* Stored data
=-=-=-=-=
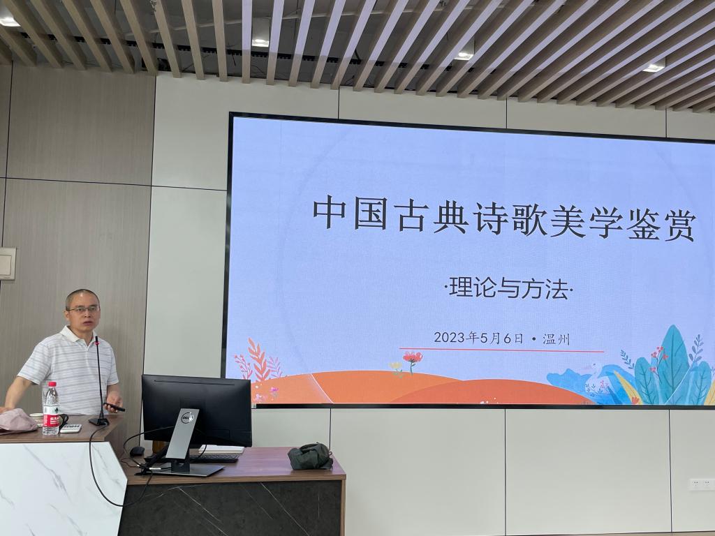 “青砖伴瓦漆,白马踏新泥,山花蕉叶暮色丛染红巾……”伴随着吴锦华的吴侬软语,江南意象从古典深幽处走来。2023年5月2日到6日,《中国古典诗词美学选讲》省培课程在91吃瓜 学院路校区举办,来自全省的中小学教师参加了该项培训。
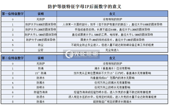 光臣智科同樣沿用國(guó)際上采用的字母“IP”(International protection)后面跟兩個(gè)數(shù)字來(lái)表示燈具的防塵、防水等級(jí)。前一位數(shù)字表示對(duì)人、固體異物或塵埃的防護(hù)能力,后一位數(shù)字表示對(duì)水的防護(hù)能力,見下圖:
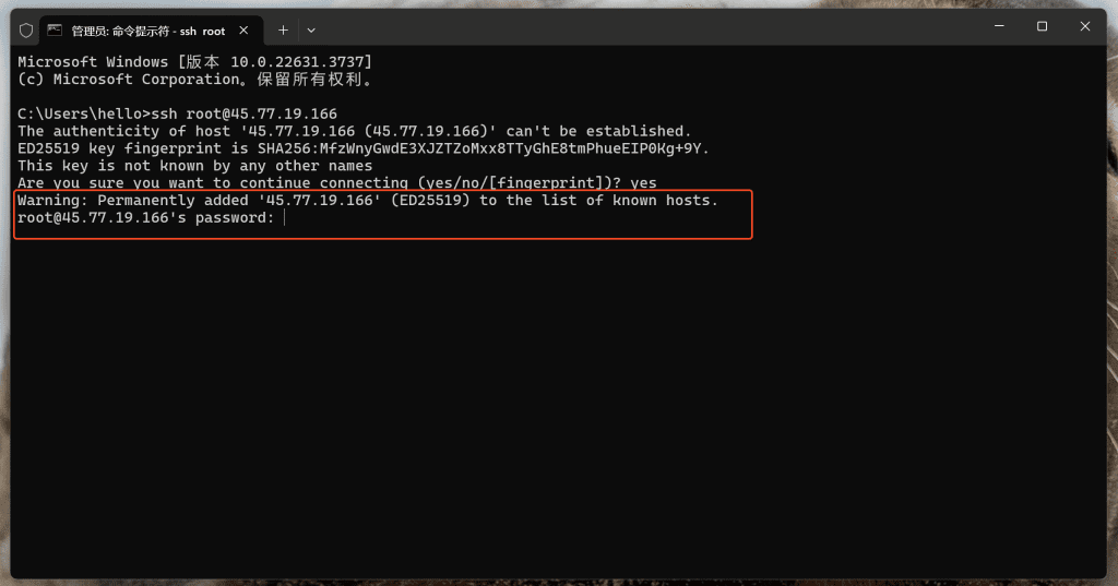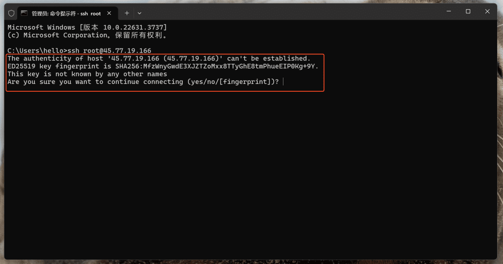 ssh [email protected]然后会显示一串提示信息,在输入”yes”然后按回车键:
=-=-=-=-=
* Problem to work on
Every line from the one holding "光臣智科同樣沿用國(guó)" through the final line of the data above is to be reproduced exactly, both ends included, with the pictures left out.

* Answer to this exercise
 光臣智科同樣沿用國(guó)際上采用的字母“IP”(International protection)后面跟兩個(gè)數(shù)字來(lái)表示燈具的防塵、防水等級(jí)。前一位數(shù)字表示對(duì)人、固體異物或塵埃的防護(hù)能力,后一位數(shù)字表示對(duì)水的防護(hù)能力,見下圖:
 ssh [email protected]然后会显示一串提示信息,在输入”yes”然后按回车键:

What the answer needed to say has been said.